On The Energy Sustainability Of Active and Passive Building Integrated Technologies In The Context of Changing Climate For Tropical Coastal City.

Meso America and the Caribbean regions are sensitive to global climate change. Past studies have demonstrated that Caribbean Sea surface temperature have been rising at an alarming rate of 0.020C/year. The effect of rising sea surface temperatures are reflected in the rise in 2m air temperature consequently increasing extreme heat events over the Caribbean. The rise in extreme temperature event increases human discomfort index and air conditioning demands putting both the population and energy infrastructure at higher risk of vulnerability. This vulnerability is amplified in compact cities where anthropogenic heat removal from built environment increases the temperature of the urban canyon thereby enhancing discomfort index and energy demands. Although there has been some work done on mitigating energy demands during extreme heat events, these studies are focused mostly on the building scale, where the two-way interaction between climate and buildings is missing. Thus, the effect of these technologies on the micro climate and energy demand on a scale of a city is still unknown, so is the assessment of their mitigating impacts under future climate conditions. Such an understanding is important in developing next generation sustainable active and passive building integrated energy technologies that improves human comfort, mitigate peak demands and produces power on site in the midst of a changing climate.
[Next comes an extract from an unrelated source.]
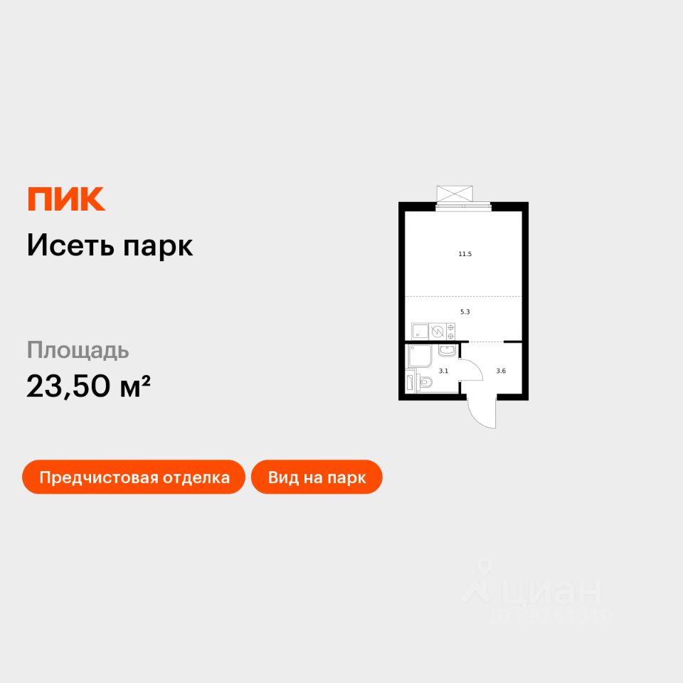 Продаётся квартира-студия площадью 23,5 кв.м на 23 этаже 24 этажного дома (Корпус 4, Секция 1) проекта ПИК Исеть парк. Светлый просторный подъезд на уровне земли, функциональная планировка, большие окна, предчистовая отделка. ''Исеть парк'' возводится в Октябрьском районе Екатеринбурга — на берегу реки Исеть в окружении трёх крупных лесопарков. До метро ''Ботаническая'' можно дойти за 15 минут, а дорога на автомобиле до центра города занимает 20 минут. Проект включает шесть домов и многоуровневый паркинг. На первых этажах открываются кафе, магазины и полезные сервисы. А в уютных дворах-парках есть детские и спортивные площадки. Район хорошо развит: есть школы и детские сады, магазины и поликлиники. Ещё здесь находится большой развлекательный комплекс с аквапарком ''Лимпопо'' и крупнейший на Урале океанариум, городской зоопарк и Академический театр оперы и балета. Артикул 869860 (Застройщик ООО ''СЗ ''Столица'')

In this paper, we develop and describe a new methodology for quantifying human discomfort index and peak air conditioning demands for different passive and active building integrated technologies. The goal of the study is to identify different technological scenarios that promote environmental and energy sustainability of the urban environment of tropical coastal cities with San Juan, Puerto Rico as a case study. The role of potential scenarios for improving the overall comfort, UHI and reducing air conditioning demand is explored for future climate change scenarios. We anticipate that the results of this paper will generate new knowledge and support decisions of policy maker on implementing different technologies for coastal tropical cities.